> **Exercise instructions**
An exact copy of the lines, starting at the top of the listing and ending with the line that has "12/19に栃木刑務所の職員", is the required answer. Pictures are not part of it.

> **Data shown**
BEGIN
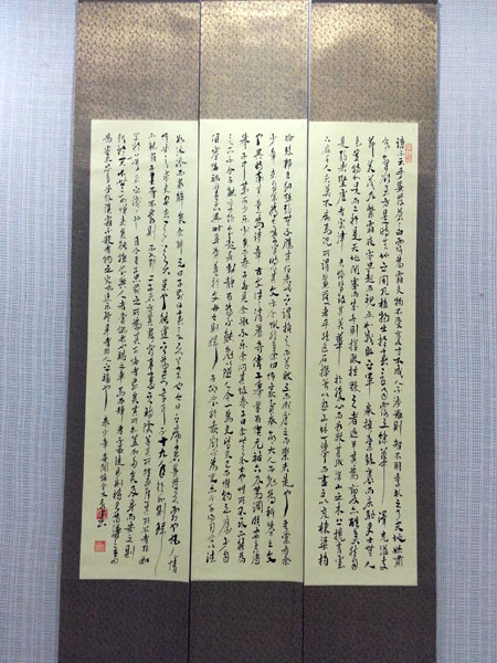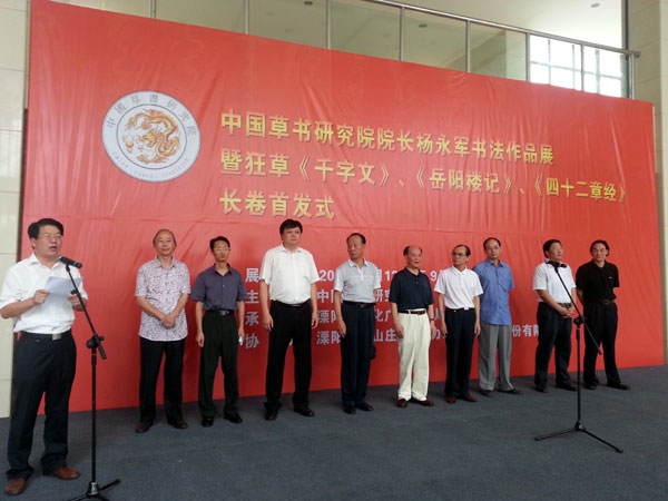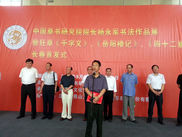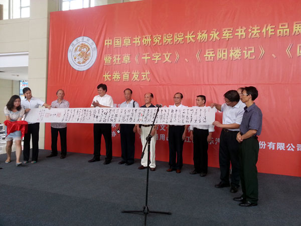 中国江苏网9月12日讯(记者高利平):今天上午,由中国草书研究院主办、溧阳市文广新局承办的“杨永军教授书法作品展”在溧阳市文化艺术中心开幕。展览共展出了杨永军教授作品百余幅,包括篆、隶、草、行、楷等多种书体,还有他酝酿十年,集古今草书大家之长,精心创作的长258米、高1.46米的鸿篇巨制《深龙卷》,堪称一绝。
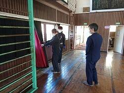 12/19に栃木刑務所の職員の方がお越しになり、お願いしていた体育館のカーテンの直しが終わったとのことで設置をしてくださいました。
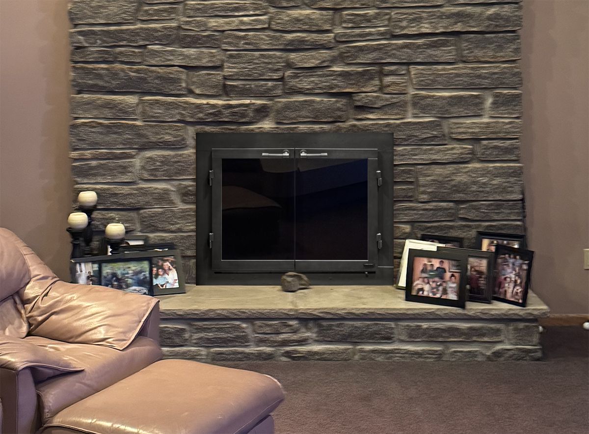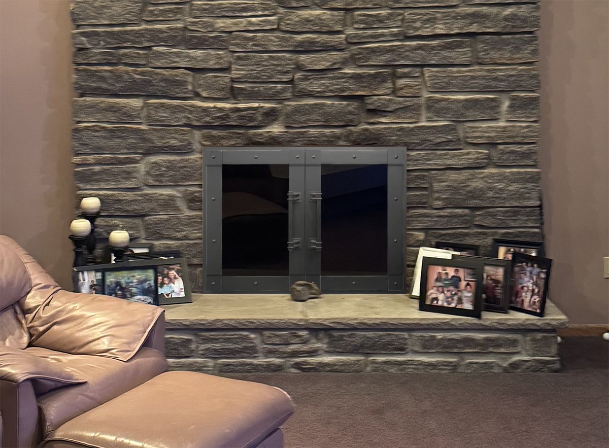 Scale & Finish Disclaimer: Mockups shown on this site are not necessarily to scale and are meant to help you choose the style of your screen or door. The appearance of finishes represented may vary between digital monitors and screens. I do my best to recommend finishes that I believe will blend with your decor and flatter your fireplace. You can view finish options here:
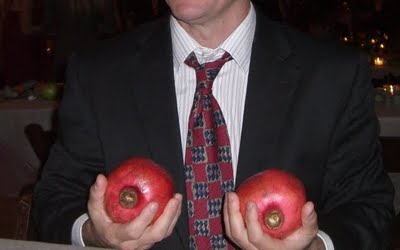 Apples and pomegranates all over the table. You're probably wondering if that fruit was real. Oh yeah, they were real. And they were spectacular.
END
> **Output for this task**
 中国江苏网9月12日讯(记者高利平):今天上午,由中国草书研究院主办、溧阳市文广新局承办的“杨永军教授书法作品展”在溧阳市文化艺术中心开幕。展览共展出了杨永军教授作品百余幅,包括篆、隶、草、行、楷等多种书体,还有他酝酿十年,集古今草书大家之长,精心创作的长258米、高1.46米的鸿篇巨制《深龙卷》,堪称一绝。
 12/19に栃木刑務所の職員の方がお越しになり、お願いしていた体育館のカーテンの直しが終わったとのことで設置をしてくださいました。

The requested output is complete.